DATA SECTION START

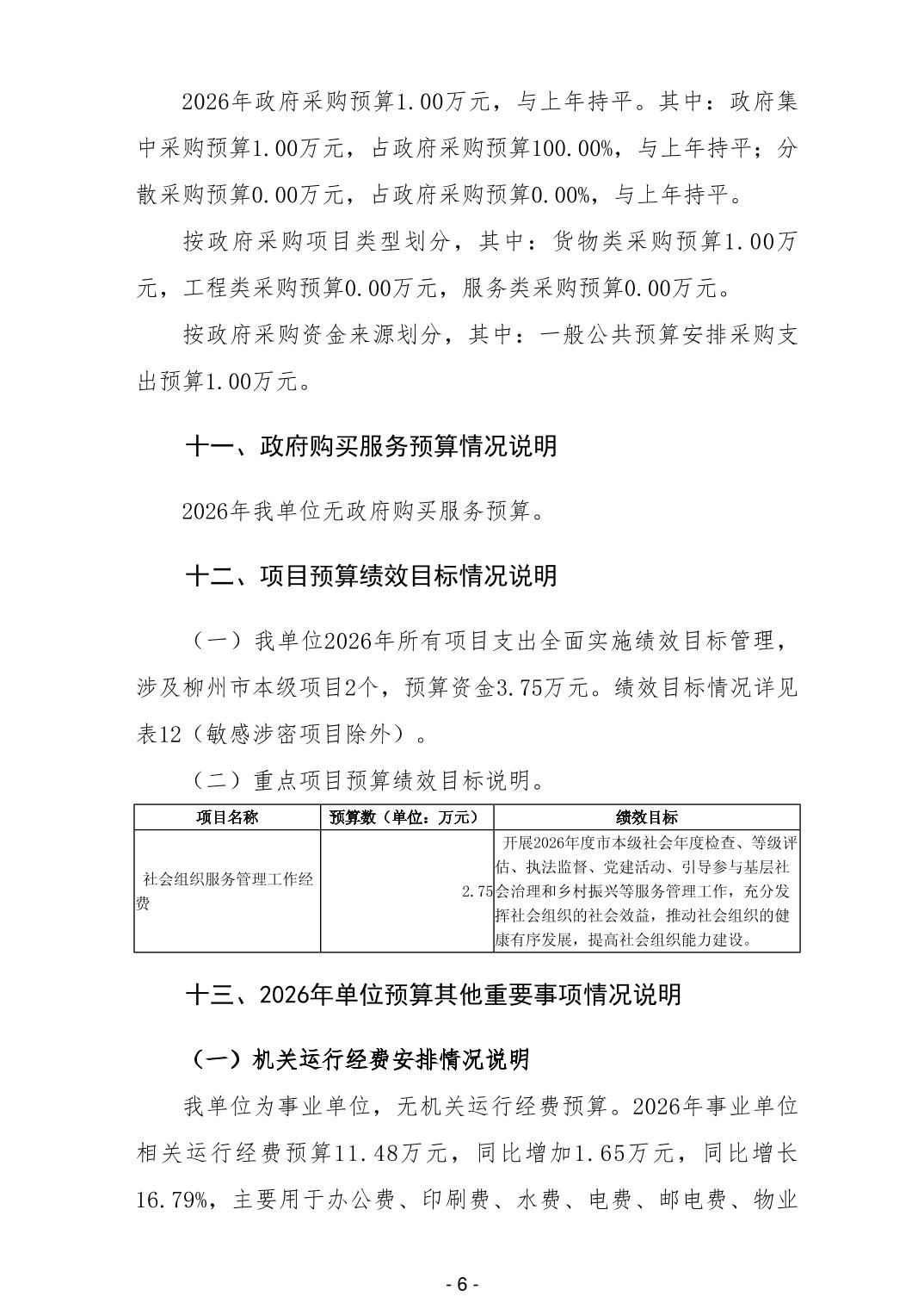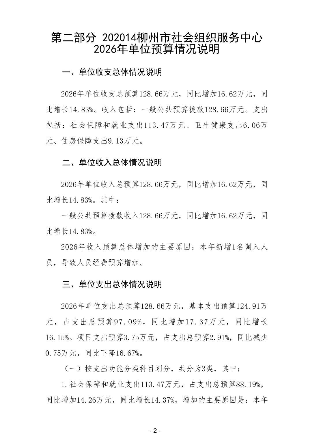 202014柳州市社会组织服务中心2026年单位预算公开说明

DATA SECTION END
DATA SECTION START

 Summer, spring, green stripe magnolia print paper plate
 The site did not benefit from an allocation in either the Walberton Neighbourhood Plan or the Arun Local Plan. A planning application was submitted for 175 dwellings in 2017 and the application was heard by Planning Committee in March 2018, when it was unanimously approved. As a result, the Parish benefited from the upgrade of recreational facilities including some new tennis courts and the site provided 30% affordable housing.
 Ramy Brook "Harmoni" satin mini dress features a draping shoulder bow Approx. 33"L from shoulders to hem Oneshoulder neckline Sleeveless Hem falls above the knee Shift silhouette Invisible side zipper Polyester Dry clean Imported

DATA SECTION END
DATA SECTION START

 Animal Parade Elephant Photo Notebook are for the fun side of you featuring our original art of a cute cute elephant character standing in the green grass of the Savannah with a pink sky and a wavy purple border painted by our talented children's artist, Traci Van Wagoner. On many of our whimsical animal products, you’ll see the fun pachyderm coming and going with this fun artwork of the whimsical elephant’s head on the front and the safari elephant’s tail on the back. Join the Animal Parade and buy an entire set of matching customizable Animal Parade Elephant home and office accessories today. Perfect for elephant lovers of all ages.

DATA SECTION END

Where a line above holds the string "side", show that line.

 Ramy Brook "Harmoni" satin mini dress features a draping shoulder bow Approx. 33"L from shoulders to hem Oneshoulder neckline Sleeveless Hem falls above the knee Shift silhouette Invisible side zipper Polyester Dry clean Imported
 Animal Parade Elephant Photo Notebook are for the fun side of you featuring our original art of a cute cute elephant character standing in the green grass of the Savannah with a pink sky and a wavy purple border painted by our talented children's artist, Traci Van Wagoner. On many of our whimsical animal products, you’ll see the fun pachyderm coming and going with this fun artwork of the whimsical elephant’s head on the front and the safari elephant’s tail on the back. Join the Animal Parade and buy an entire set of matching customizable Animal Parade Elephant home and office accessories today. Perfect for elephant lovers of all ages.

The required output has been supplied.